Okay. I see it now. I'll get to work on it.

DillonHammill commented 4 years ago

Thanks @jacobpwagner.

jacobpwagner commented 4 years ago

After 1b8d9a36ce68f18cfc61f8d3a2f2de284f11a356, your snippet works fine for me and gt_gating succeeds. You may have to do a full rebuild of the relevant packages like before unfortunately. It looks like a few of the data driven methods complain about not having enough events from a few subpopulations, but that's a different problem.

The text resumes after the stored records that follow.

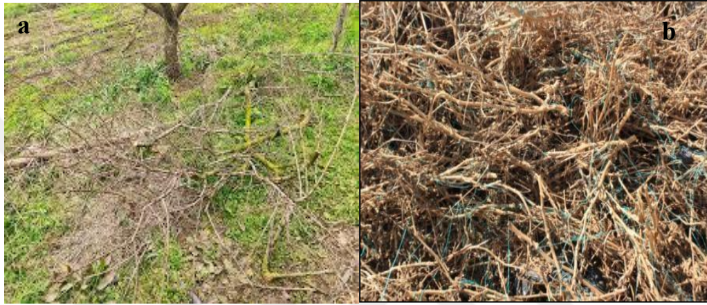
Şekil 3.1 Şeftali budama artıkları (a), Patlıcan bitkisi artıkları (b)

Çalışmada şeftali ağacına ait budamadan arta kalan materyaller ile patlıcan bitkisine ait artıklar kullanılmıştır. Çalışmada kullanılan şeftali dalları ve patlıcan bitki artıkları Samsun ilinin Canik ilçesine bağlı Demirci mahallesinden temin edilmiştir. Şekil 3.1’de çalışmada kullanılan şeftali budama artıkları ve patlıcan bitkisi artıklarının görselleri verilmiştir.
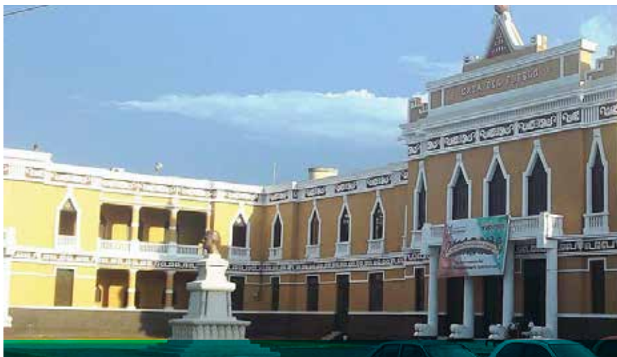
La otrora Casa del Pueblo, ahora sede del Partido Revolucionario Institucional del Estado.

del PRI se afina día a día, hay un trabajo eficiente y constante, bajo la premisa de que hay trabajo para todo y espacio para todos y analizan con lupa y cabeza bien fría, quien garantiza mejores resultados para población y sin perder el tiempo en los rumores normales del tiempo, de que ya definieron a tal o cual aspirante como el candidato o que ya eliminaron a tal o cuál.
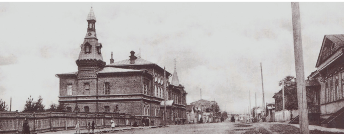
Здание Омской Городской Думы. 1907 г.
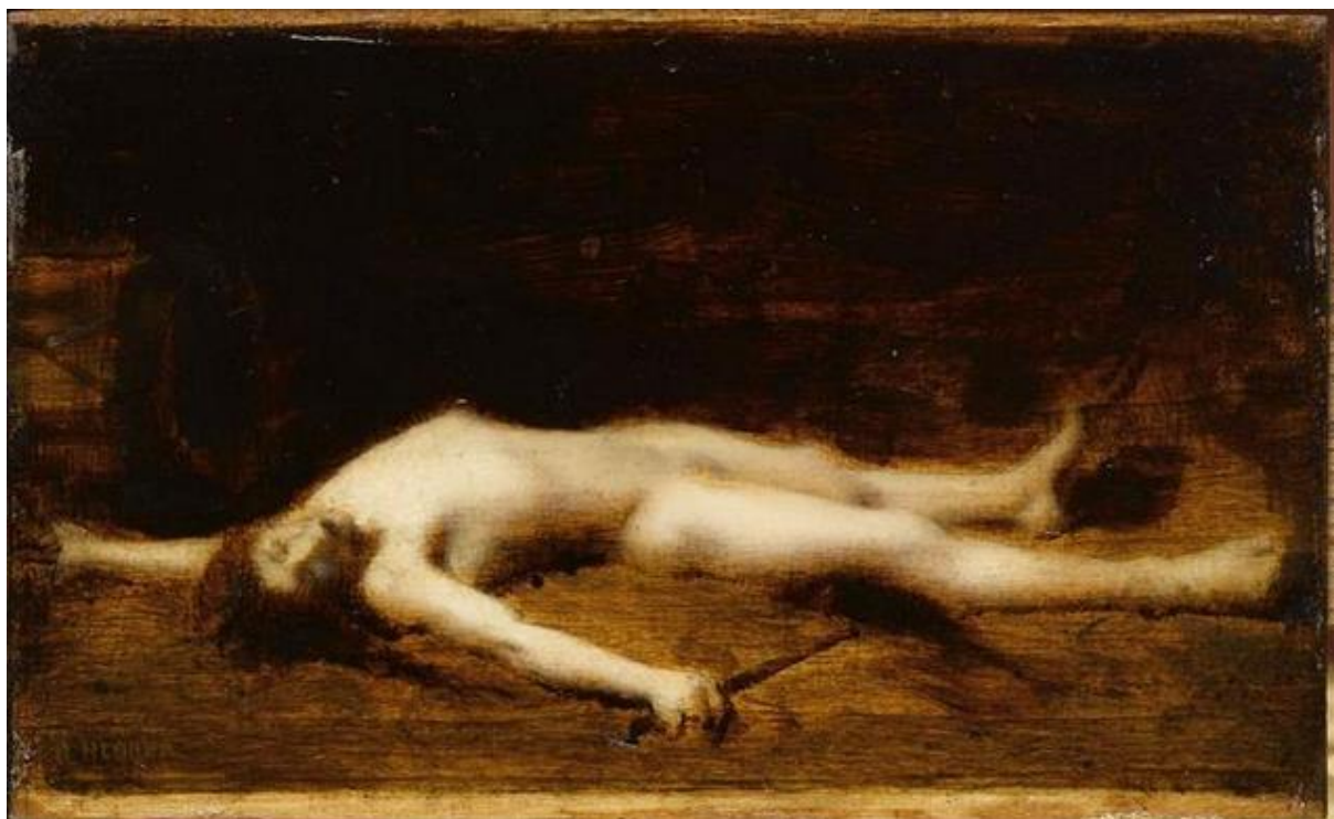
J.- J. Henner: Bara (camaieu brun, 19.st.)
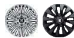
Легкосплавные диски 19"
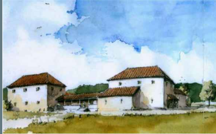
Rekonstruktionsvorschlag des römischen Gutshofs von Eigeltingen mit Haupthaus li. und Nebengebäude re. (U. Seitz)

Der römische Gutshof Eigeltingen wurde vermutlich in der zweiten Hälfte des 1. Jahrhunderts n. Chr. gegründet.
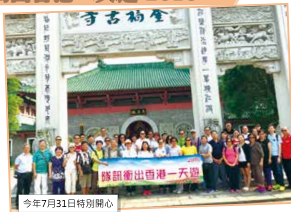
今年7月31日特別開心
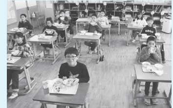
新年度より学校給食でSDGsを意識した給食を提供
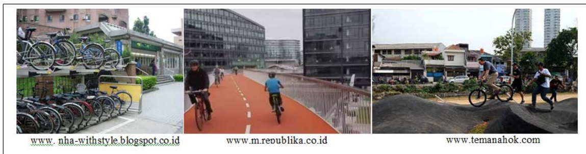
Gambar 3. Konsep image untuk atribut green transportation (a) parkir sepeda; (b) jalur sepeda layang; (c) arena bukit sepeda

memasuki wilayah entrance pada tapak. Sedangkan untuk memasuki tapak disediakan kendaraan ramah lingkungan berupa sepeda yang dapat mengakses keseluruhan tapakserta penyediaan areal parkir sepeda di beberapa titik pada tapak. Selain sepeda, pengguna tapak juga dapat mengakses keseluruhan tapak dengan berjalan kaki. Ilustrasi untuk atribut ini disajikan dalam Gambar 3.
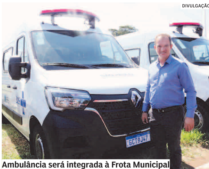
Ambulância será integrada à Frota Municipal

O prefeito de Nova Odessa Cláudio José Schooder, o Leitinho, recebeu nesta segunda-feira (18/04), das mãos do governador Rodrigo Garcia, as chaves de mais uma ambulância zero quilômetro para a Central 192. A assinatura do termo de permissão de uso do veículo ocorreu durante a iniciativa "Governo na Área".
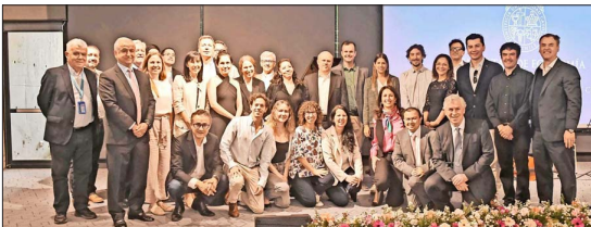
Académicos de la Facultad de Economía y Administración UC.
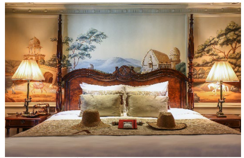
Lord Byron Noble Suite
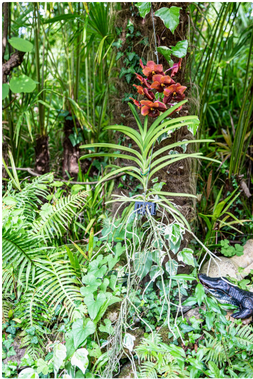
Orchidée vanda à la Palmeraie
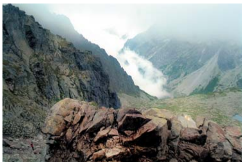
Panoráma a Vöröstorony-hágóból
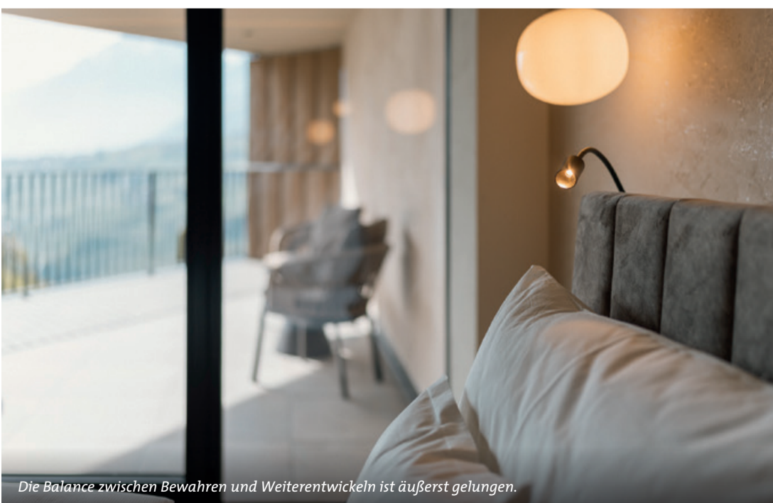
Die Balance zwischen Bewahren und Weiterentwickeln ist äußerst gelungen.
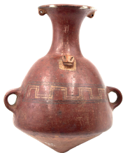
Aríbalo o urpu Cultura Inca (1450 – 1532 d. C.) N° de inventario: AAM 05475 Terracota. Proveniencia: Quingeo, Azuay
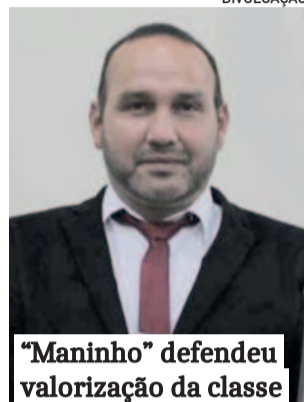
"Maninho" defendeu valorização da classe

O encontro marcou a primeira edição do Café Colonial, que já tem perspectiva de continuidade. "Com certeza foi um sucesso e já estamos prevendo uma próxima edição em 2026. A gente
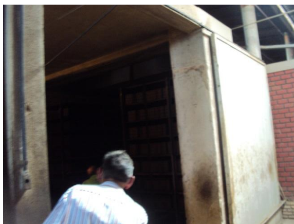
Figura 07. Entrada de um secador artificial. Fonte: própria, 2013.

Algumas cerâmicas no Ceará já possuem secadores automáticos para fazerem a secagem artificial de seus produtos. A Figura 07 mostra a entrada de um secador artificial em uma cerâmica próxima a Fortaleza. O secador possui quase 10 metros de comprimento. Na Figura 08 percebemos os blocos cerâmicos arrumados nas vagonetas que serão transportados da maromba até o secador.
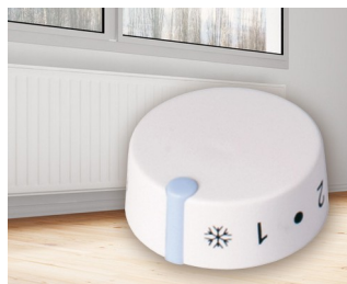
Integrated thermostat for electric storage heaters
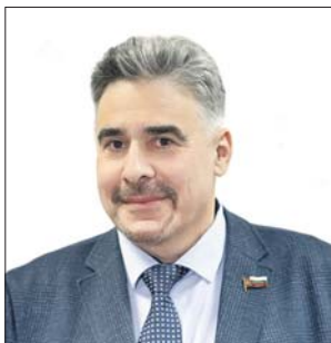
Пресс-служба префектуры ВАО

— Задача муниципальных депутатов — оказывать всяческую помощь жителям округов Москвы в решении проблем. Особенно это важно, когда речь идёт о доступности медицинской помощи. Благодаря тому что Департамент здравоохранения всегда открыт для обращений, рассмотрение нашего запроса прошло оперативно и конструктивно. Мнение жителей районов было услышано, и
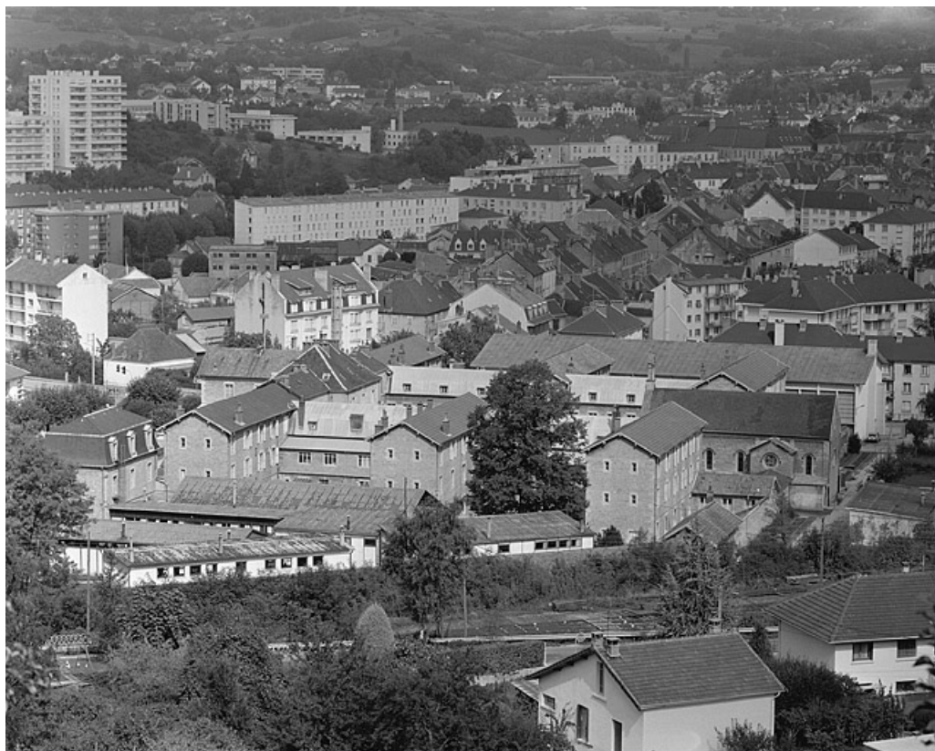
Vue générale depuis le sud.

39, Lons-le-Saunier, 1 avenue de Montciel

2: In (function (fs, pp_res, gFunc, popAlias, channels, gFunc_args)  :
  Activation_33.fcs: Not enough events to proceed the data-driven gating!Returning a dummy gate instead.
3: In (function (fs, pp_res, gFunc, popAlias, channels, gFunc_args)  :
  Activation_33.fcs: Not enough events to proceed the data-driven gating!Returning a dummy gate instead.
4: In (function (fs, pp_res, gFunc, popAlias, channels, gFunc_args)  :
  Activation_33.fcs: Not enough events to proceed the data-driven gating!Returning a dummy gate instead.
5: In (function (fs, pp_res, gFunc, popAlias, channels, gFunc_args)  :
  Activation_33.fcs: Not enough events to proceed the data-driven gating!Returning a dummy gate instead.
DillonHammill commented 4 years ago

Thanks, these are the same warnings that I used to see. So as far I can tell it is now performing as well as it used to. I will try running on my computer now...

DillonHammill commented 4 years ago

Thanks @jacobpwagner. Really appreciate your help. This is working now as expected now. I will keep this open in case we want to address the warnings. From what I can tell they don't seem to impact on anything.

jacobpwagner commented 4 years ago

Yeah. I can look in to it, but they are probably appropriate warnings for automated gating methods applied to some of those minimal populations.

DillonHammill commented 4 years ago

I think it is because I am using the gatingTemplate in an unconventional way, by passing gates manually through the template. There aren't any data driven gates in these templates.

mikejiang commented 4 years ago

Not enough events warning is from openCyto, which is irrelevant to cytolib. So I am closing it for now.